POINT PRESSE : rencontre avec Nicolas Parisier.
Il est 19h00 et il nous faut accourir à l’espace VIP du « village » du Festival pour la rencontre avec le réalisateur du Grand Jeu. S’en suit les différents points abordés pendant l’interview.
Quelles ont été les étapes de fabrication de son premier long métrage ?
Nicolas Parisier fut d’abord étudiant de cinéma en faculté, puis professeur. Il connaît pendant une certaine période le métier du journalisme, pour ensuite travailler chez Pathé Productions. Il réalisa trois courts métrages en huit ans, puis enfin son long métrage.
Sur les références aux affaires Robert Boulin et Tarnac…
Le film les raconte un tout petit peu, explique le réalisateur. La deuxième est plus une évocation. La première l’a bien sûr inspiré. C’est un film qui parle à la fois de la politique – de l’envers du décor – et des militants d’extrême gauche. Ce sont des sujets qui l’intéressent, car très romanesques, très biens pour faire un film.
Concernant les dialogues importants au sein du film, comment a-t-il fait pour que le long métrage n’en soit pas paralysé ?

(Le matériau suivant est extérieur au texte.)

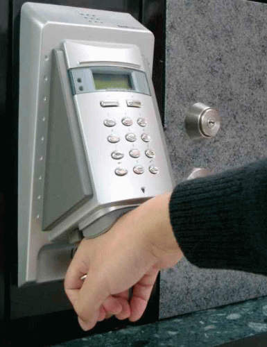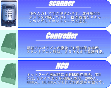 | 本人認識部 | 手の甲の静脈パターンを赤外線技術、CCDカメラ、高帯域フィルタリング技術そして静脈パターン抽出技術を複合させ、誤認識率を0,0001%という精度にまで高めた生体認識装置です。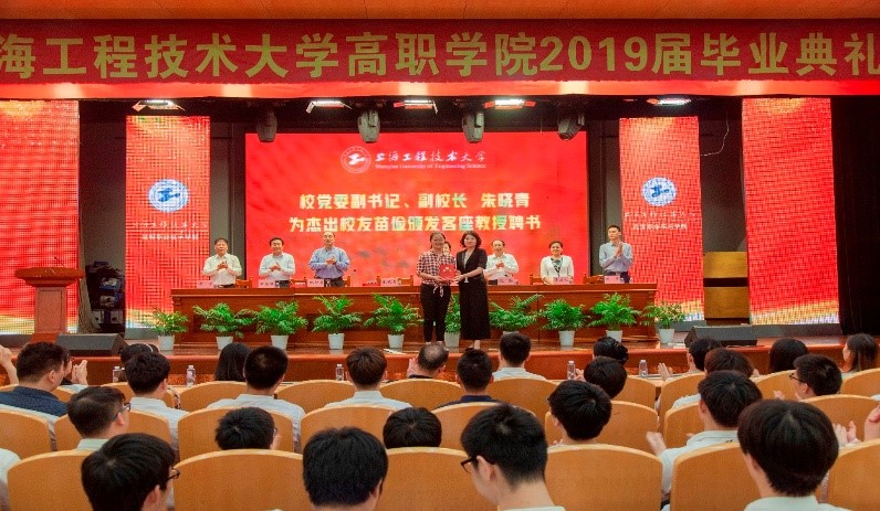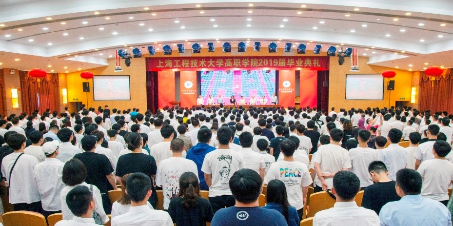 又是一年毕业季,青春逐梦启新程。7月4日上午,上海工程技术大学2019届高职学生毕业典礼在虹口校区师生活动中心涵憬堂举行。校党委副书记、副校长朱晓青,学生工作部(处)长、研工部(处)长朱蓓,高职学院全体党政领导,相关部门负责人、师生代表、毕业生辅导员、班主任导师、校友代表与2019届毕业生欢聚一堂,共同见证553名高职毕业生完成学业、开启人生新征程的美好时刻。毕业典礼由高职学院党委副书记、院长沈勤主持。

Nicolas Parisier explique avoir acquis cette expérience du dialogue grâce à ses courts métrages. Aussi la réussite dépend d’un élément conséquent, l’acteur.
Et alors, la question de votre humble serviteur :
Votre film s’inscrit dans un sous-genre, voire même un genre cinématographique, le film politique, est-ce que vous vous êtes inspiré d’autres de ces films ? Je pense notamment à The Ghost Writer dont vous avez repris plusieurs éléments ?

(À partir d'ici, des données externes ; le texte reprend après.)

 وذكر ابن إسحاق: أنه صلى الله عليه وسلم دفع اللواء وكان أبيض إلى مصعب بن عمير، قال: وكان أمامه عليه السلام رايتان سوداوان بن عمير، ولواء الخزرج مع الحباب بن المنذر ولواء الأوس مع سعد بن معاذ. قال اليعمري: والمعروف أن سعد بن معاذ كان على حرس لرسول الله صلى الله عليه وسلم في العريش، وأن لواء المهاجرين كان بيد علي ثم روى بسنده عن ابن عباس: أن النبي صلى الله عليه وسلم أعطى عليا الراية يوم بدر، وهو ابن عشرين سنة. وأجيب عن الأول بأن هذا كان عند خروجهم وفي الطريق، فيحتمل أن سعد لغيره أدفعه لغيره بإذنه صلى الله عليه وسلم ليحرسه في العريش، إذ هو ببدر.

Il sourit, puis explique qu’il a commencé à écrire le scénario du film après avoir lu Sous les yeux de l’Occident de Joseph Conrad (1911), puis il a vu The Ghost Writer. Il aime beaucoup ce film qu’il décrit être d’une grande qualité, et il explique qu’après l’avoir vu, il ne pouvait pas faire comme s’il n’existait pas. Et vu que c’est arrivé en pleine écriture, il a voulu lui rendre hommage. Il avance sur un hommage subtil dans une scène. Votre serviteur explique alors la scène, celle de la mort d’un personnage / de McGreggor : l’individu a un journal – un manuscrit dans le film de Polanski –, il traverse la route et se fait renverser en hors-champ, tandis que les pages s’envolent dans le champ.
Sur l’histoire du film
C’est l’histoire d’un complot – organisé par l’antagoniste interprété par André Dussollier – qui échoue, et qui emporte alors plusieurs personnages.
Sur l’importance des seconds rôles
Il fallait une distribution qui tienne la route, dit-il. Il s’agissait de construire un tableau par petites touches.

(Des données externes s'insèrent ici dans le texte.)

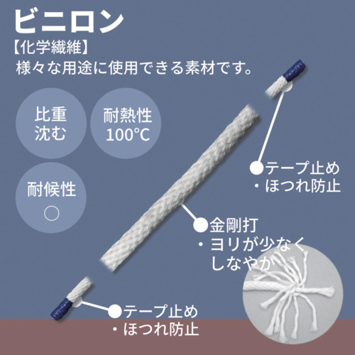 ●手触りがよく扱い易い、耐候性、耐久性に優れた強度の強いロープです。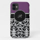 iPhone fait sur commande de monogramme 5 cas avec le motif de damassé et la couleur pourpre d'arrière - plan que vous pouvez changer. Ajoutez vos initiales ou votre nom.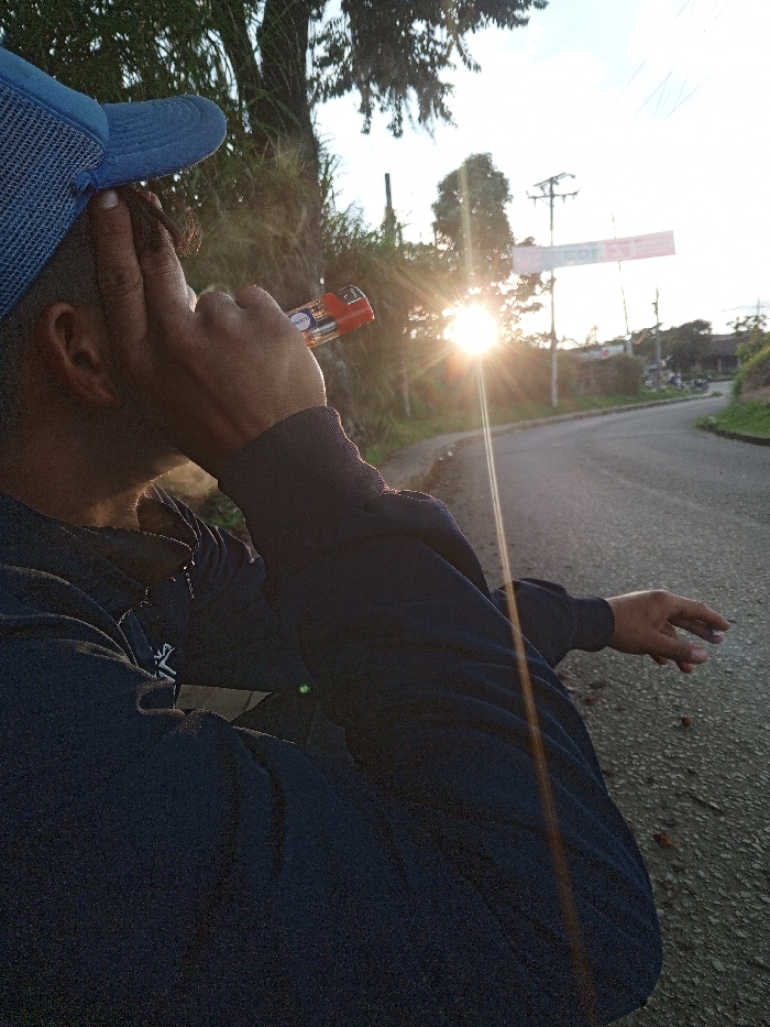 A man in a blue baseball cap holds a lighter to his face as he sits by a road. The sun is shining brightly down the road, with a banner visible further away. The man is wearing a dark blue sweatshirt. The road appears to be slightly elevated and winding. A grassy area is visible on both sides of the road. There are trees in the background.
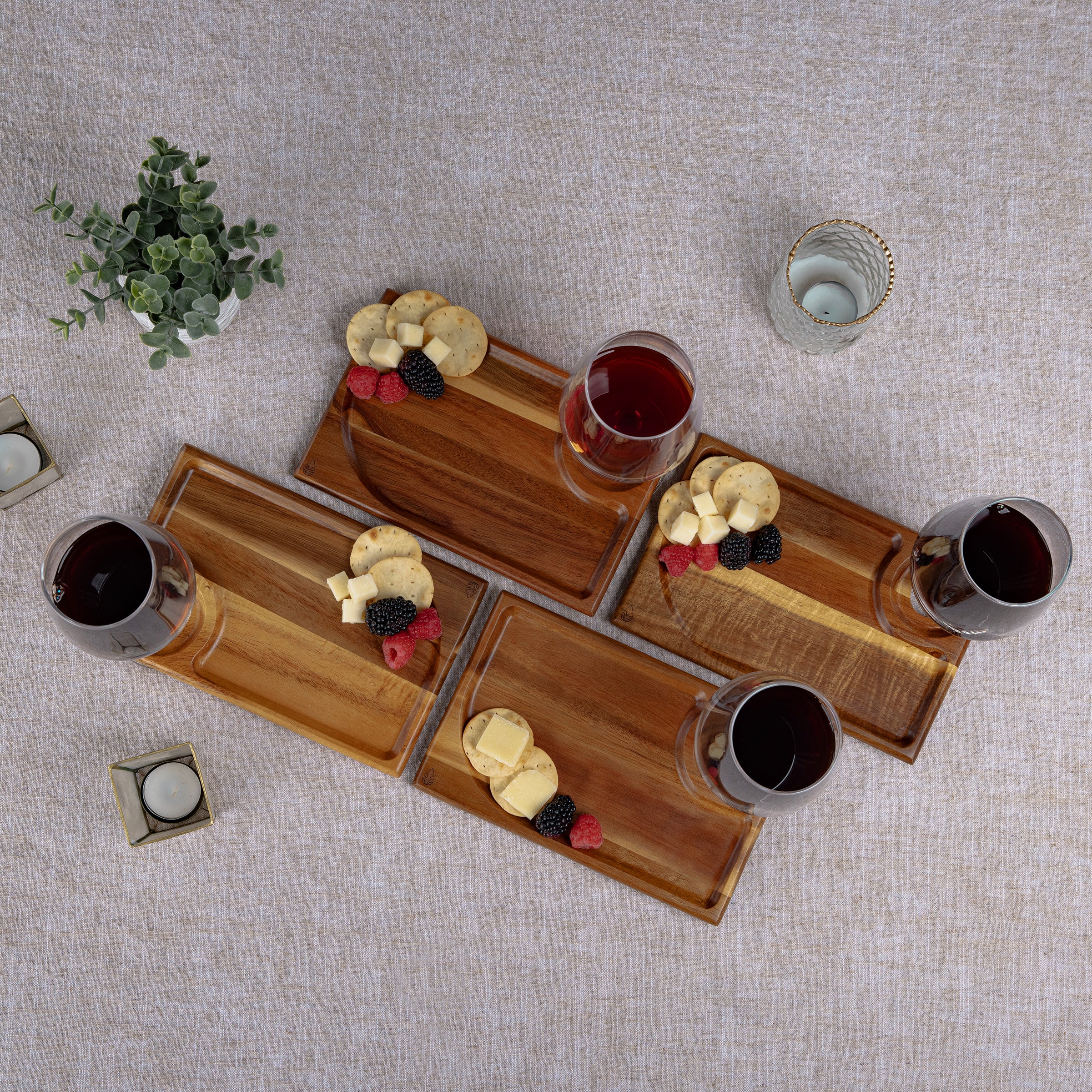 I got this gorgeous set of four cocktail appetizer plates by TOSCANA which is part of the Picnic Time brand and just love them! They are not only beautiful but super efficient too. We love to entertain and these are a great way to set up beautiful individual appetizer plates for our guests or even them to create there own. It has the perfect place to rest your wine or champagne glass to be able to nibble and mingle without the awkward feeling of not knowing where to set your glass down. They will even work with a stemless glass if you choose. The boards are super light too, a plus for moving around! We are loving them so far and got immediate compliments on them! The beautiful acacia wood design shows beautiful grains in the wood, and is an environmentally responsible natural wood which only makes it better. Now I just need a few more of them for a larger group! Toscana by Picnic Time has a variety of beautiful products, and offer built to last pledge which means they will repair or replace your item without hassle for life! Dont forget these will make the BEST gifts too!
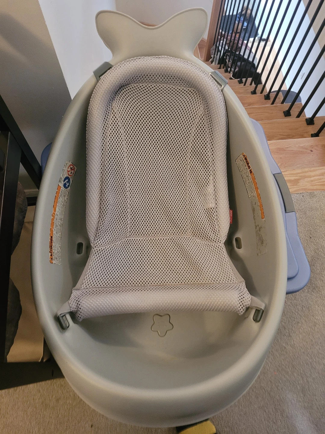 Grey whale-shaped baby bathtub. It comes with a removable newborn insert sling for added support. Mesh sling is quick-drying. Tub has a built-in drain plug and a non-slip surface.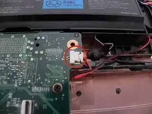 Чтобы снять левый динамик, следуйте руководству по ремонту материнской платы, чтобы выполнить этот шаг и сохранить краткость данного руководства.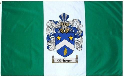 Gibeau Family Crest Flag / Coat of Arms Flag. You will receive a high quality 3' x 5' Polyester flag with two brass grommets. Proudly display your family heritage with this flag, or hang as a banner on a wall. Our flags make great gifts for birthdays, weddings, anniversaries, fathers day, mothers day, groomsmen gifts, and any other occasion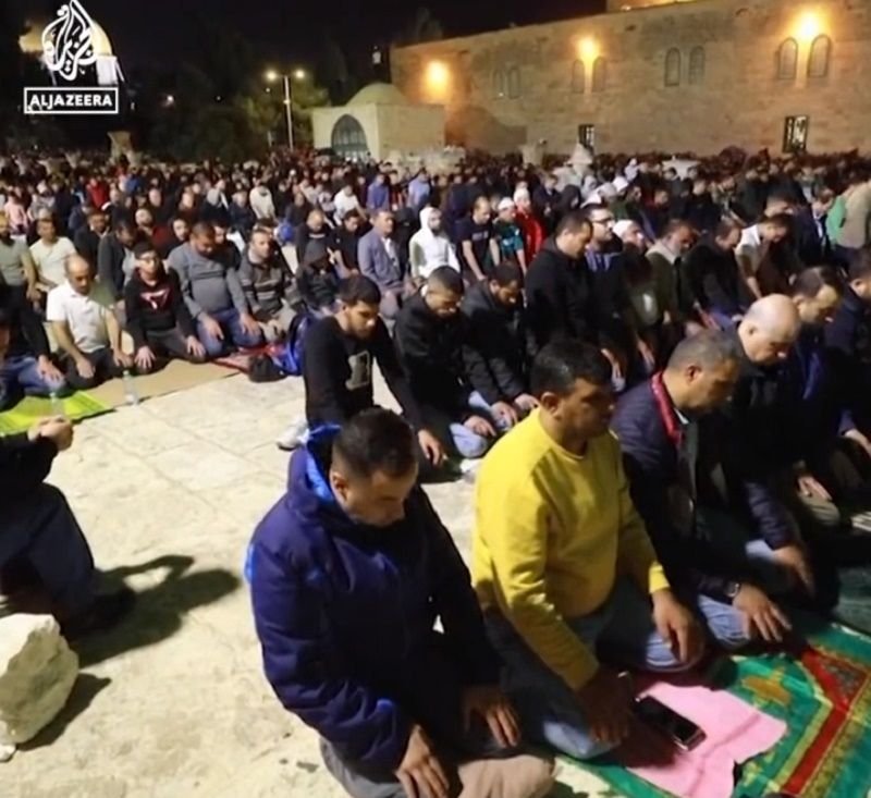 Dilansir dari twitter Al Jazeera English pada Jumat 29 April 2022,diperkirakan 250.000 jamaah berkumpul di Masjid Al-Aqsha pada Rabu malam untuk menandai salah satu malam paling suci dalam Islam, Lailatul Qadar.

Sur le choix de Melvil Poupaud
Parce qu’on le connaît sans vraiment le connaître, à l’image du personnage qu’il incarne dans le film.
Pensez-vous que le propos du film aura un écho ? Ou alors comme le pense André Dussollier, votre pensée, votre constat de la France et notamment de sa politique sera-t-il immergé dans la masse ?
Il n’y a pas de vision fermée, ce n’est pas un film qui a une thèse. Il espère qu’il y a une certaine ambiguïté, une certaine complexité qui ferait que le discours ne serait pas univoque.
Enfin la journée toucha à sa fin avec la soirée d’ouverture, occupée par la présentation rapide et efficace du riche programme du festival ainsi que de la projection publique (et donc en avant-première) du Grand Jeu. On aurait espérer savoir Tempête en film d’ouverture, ou du moins, La Fille du Patron. Sur ce, le retour de cette première journée touche à sa fin, laissant aussi entrevoir des journées de festival aussi intéressantes et intenses, voire plus.